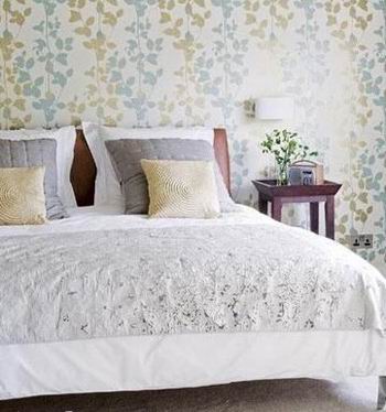 金色的靠墊,淺灰花紋的床品和淡雅的背景墻相呼應(yīng),給你一個(gè)清新明亮的臥室。
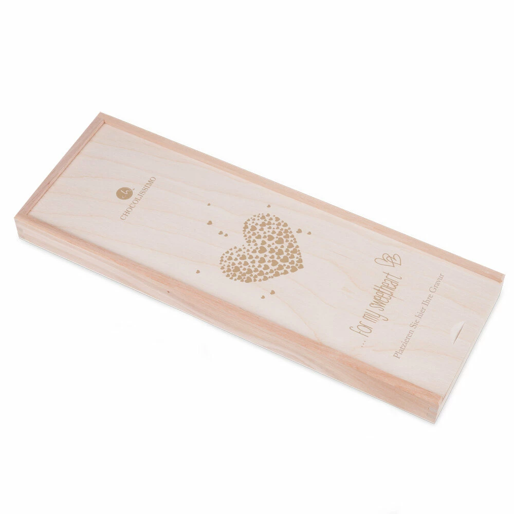 Eine persönliche Note kann man dem süßen Schokoladen-Geschenk durch eine persönliche Gravur verleihen. Einfach einen Wunschtext unterhalb eintragen – wir gravieren diesen unter den bereits vorhandenen Spruch „…for my Sweetheart“
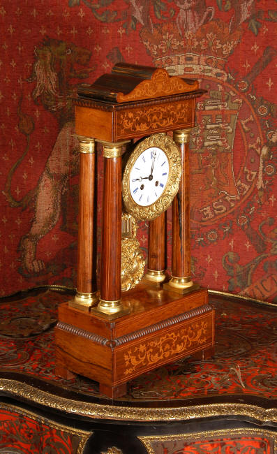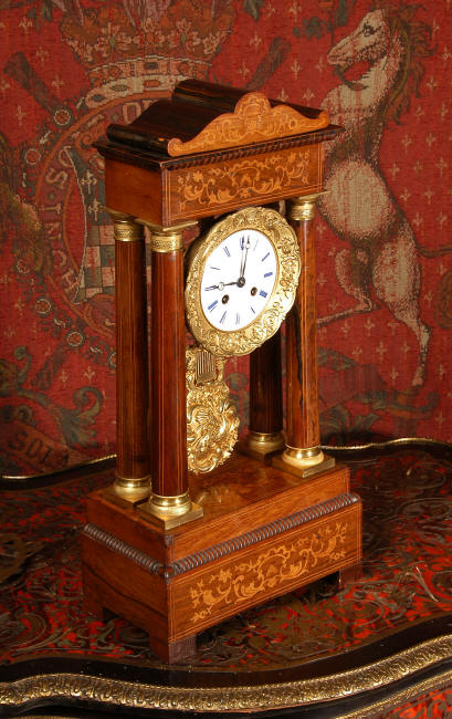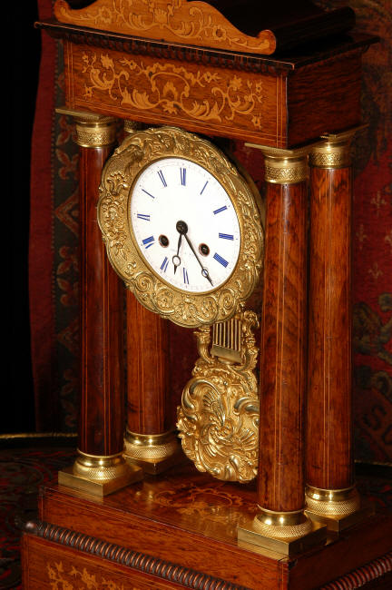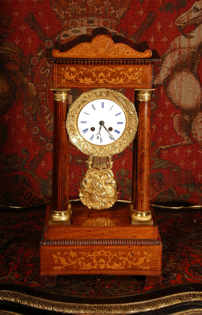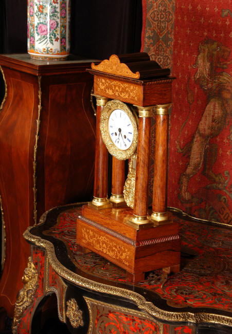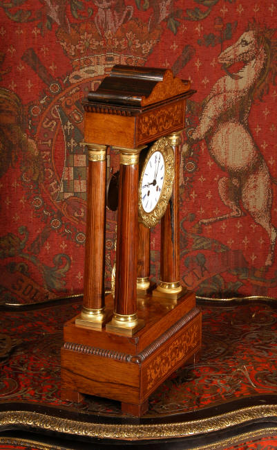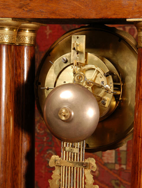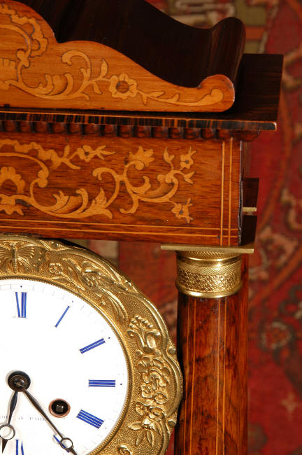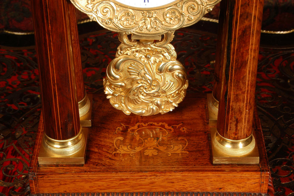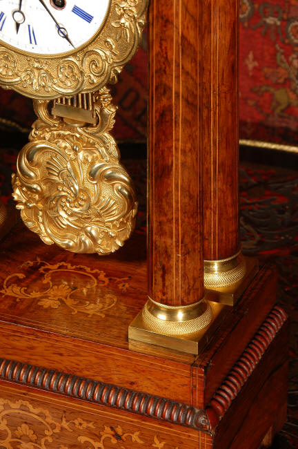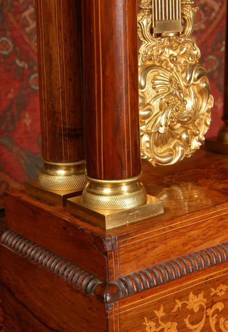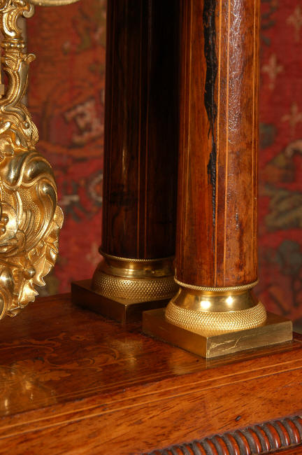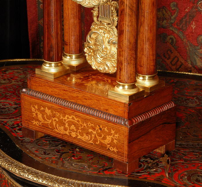 with fine inlaid stringing and ormolu capitals support the top with the movement
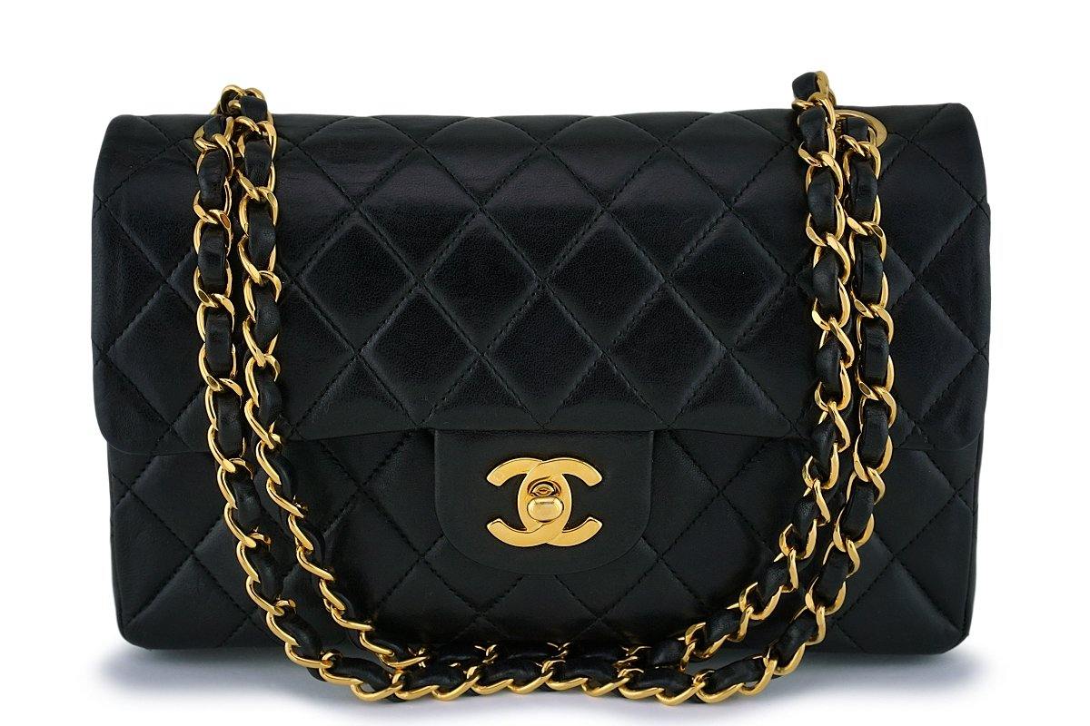 The small size of the classic double flap is very rare and hard to find -- at 9 inches wide, right in between the medium and the rectangular mini, it's the smaller size of the medium flap.

_____

--- Exercise goal ---
Copy all the data exactly as written, but skip any picture.

--- Response box ---
 金色的靠墊,淺灰花紋的床品和淡雅的背景墻相呼應(yīng),給你一個(gè)清新明亮的臥室。
 Eine persönliche Note kann man dem süßen Schokoladen-Geschenk durch eine persönliche Gravur verleihen. Einfach einen Wunschtext unterhalb eintragen – wir gravieren diesen unter den bereits vorhandenen Spruch „…for my Sweetheart“
 with fine inlaid stringing and ormolu capitals support the top with the movement
 The small size of the classic double flap is very rare and hard to find -- at 9 inches wide, right in between the medium and the rectangular mini, it's the smaller size of the medium flap.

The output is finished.